CO-OP: mHealth Tools for Tracking Everyday Illness Experiences
The past decade has witnessed unprecedented advances in mobile sensor technologies to support continuous passive sensing as well as active sensing (in which the human initiates self-reported observations). However, these applications are designed and intended for use by a single person, who is either collecting personal data about themself or a care recipient. This research explores the design of mobile technologies to support multiple individuals who are collaboratively collecting, reconciliating, and consolidating personal data on a single person.
- Project Date: Sep 2018 - Present
- Affiliations: Georgia Institute of Technology, Children's Healthcare of Atlanta, Emory University Hospital
- Funding: NSF #1652302
- Collaborators: Jungwook Park, Kimberly Do, Rosa Arriaga, Sampath Prahalad, Thomas Olson and Lauren Wilcox
During complex treatment regimens such as chemotherapy, adolescent patients must self-report their observations of symptoms and treatment side effects for their care team to inform decisions about ongoing treatment. This communication is challenging because patients, parents and clinicians have unmatched experiences, conceptions and linguistic representations of indicators of health. Yet patients' overt reliance on parental caregivers to manage and communicate their illness experience could only result in a quality of care that is based on an approximation of their actual health status.
The goal of this research is to understand how to accommodate both patient and caregiver’s observational accounts of the illness and support their collaborative construction of patient illness narratives.
- Co-design with 13 families
- Diary probe with 12 families
- Semi-structured interviews
- Mobile ecological momentary assessment (mEMA)
Co-design is a powerful design method that democratizes the design process by directly involving the intended users as co-partners to envision and conceive of a technology design through multiple design activities. Through co-design, I was able to characterize the language of patient illness narratives that matter for the adolescent population.

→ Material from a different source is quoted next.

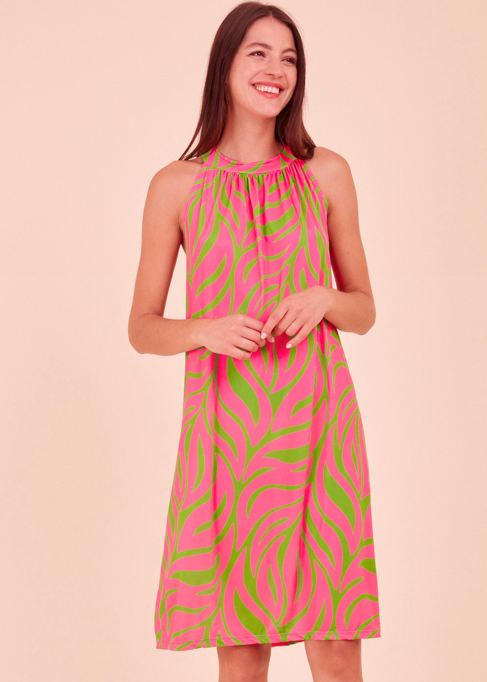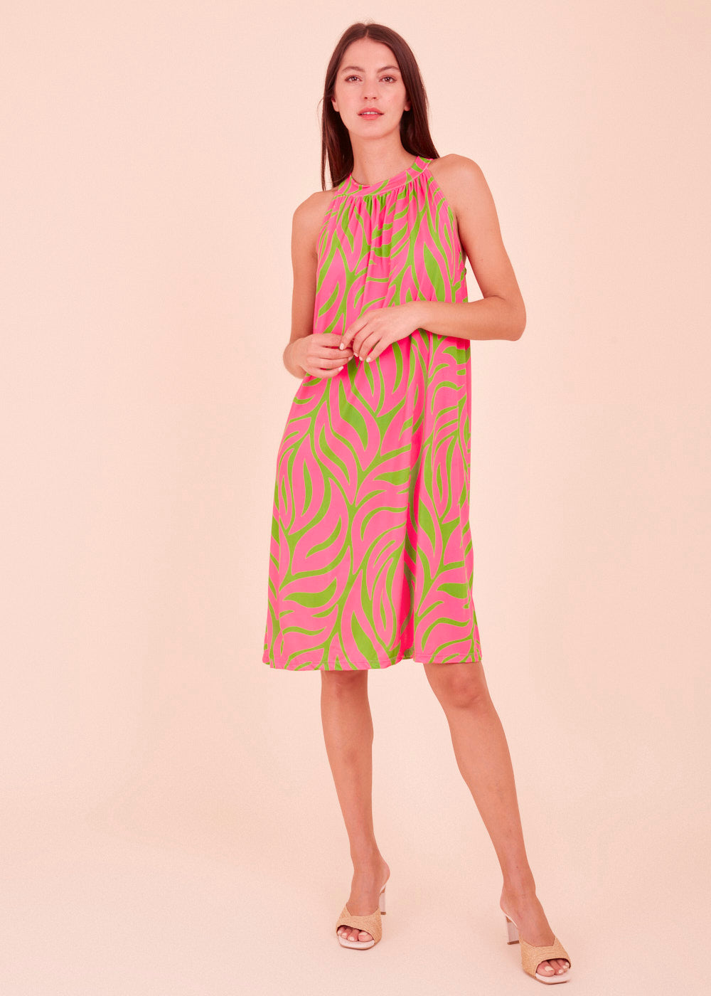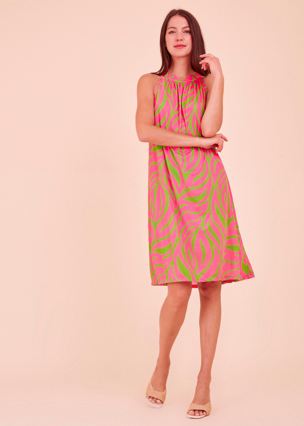 Dieses Kleid erstrahlt in frischen Print. Das aufregende Muster in Pink verleiht diesem Kleid eine fesselnde und gleichzeitig verspielte Note. Es ist der ideale Begleiter für schöne Sommertage, Partys oder einen unvergesslichen Abend mit Freunden.

Through storyboard-based co-design with patient families, I found the right set of building blocks to help young patients reconstruct various aspects of their daily living
Patients overall reported that their daily life consists of routine activities, yet irregular symptoms. While patients attended to personally-felt symptoms, parents were better at capturing contextual details (e.g., location, timing) and activities around the illness experience. Patients were able to develop better symptom literacy in the act of tracking (with illustrations), and coordinate the exchange of sensitive symptoms with their parents outside of the typical context of face-to-face communication.
Co-design and diary studies allowed me to identify three important strategies to support patient narratives of their daily experiences during treatment: to allow full expression of how symptoms affect patients’ daily activities, use of various media data representations (e.g., photo, drawing), and support distinct roles for family caregivers to contribute their unique observations of the patient experience.
In sum, we can scaffold patients’ participation in care by augmenting patient-generated data in ways that 1) tailor the representation of illness experience to match the patient’s cognitive and linguistic needs, 2) incorporate caregiver observations, and 3) provide rich means to elaborate on their illness experience in the context of everyday life.
The design of pictographic representations of activities and physical and emotional experiences evolved over the course of two years since the beginning of this project. I started from hand-drawn paper sketches, computer-generated illustrations, and finalized the designs with pixel-perfect vector renderings.
My research goal is to understand how families can work together to co-construct patients' illness narratives in everyday life. To do this, I employ mobile ecological momentary assessment (mEMA) methods that are geared towards achieving high ecological validity by placing the data collection activities in the hands of patients and their parental caregivers, in their natural setting.
I created CO-OP, an interactive tablet mHealth application that integrates self-reported observations with passively collected data such as tablet usage, location, and social context. The application can generate rich perspectives on the patient's illness experiences, including captured media data and collateral information about when and where side effects are occurring. I am applying a mix of quantitative and qualitative assessments—derived from mobile sensor data, daily mEMA, surveys and interviews—to determine adherence, engagement, and patients’ self-efficacy to manage their illness.
This research will contribute computational techniques that can inform Machine Learning (ML) models to automate data triangulation between active and passively collected patient data. With this knowledge, we can predict symptom occurrence based on its immediate context, such as co-occurring activities, location, and time of day. We can also identify opportune moments to prompt the user to make an entry upon completing a routine. One envisioned use case is to mitigate the user's logging burden by automatically suggesting a set of likely symptoms at a specified time or location.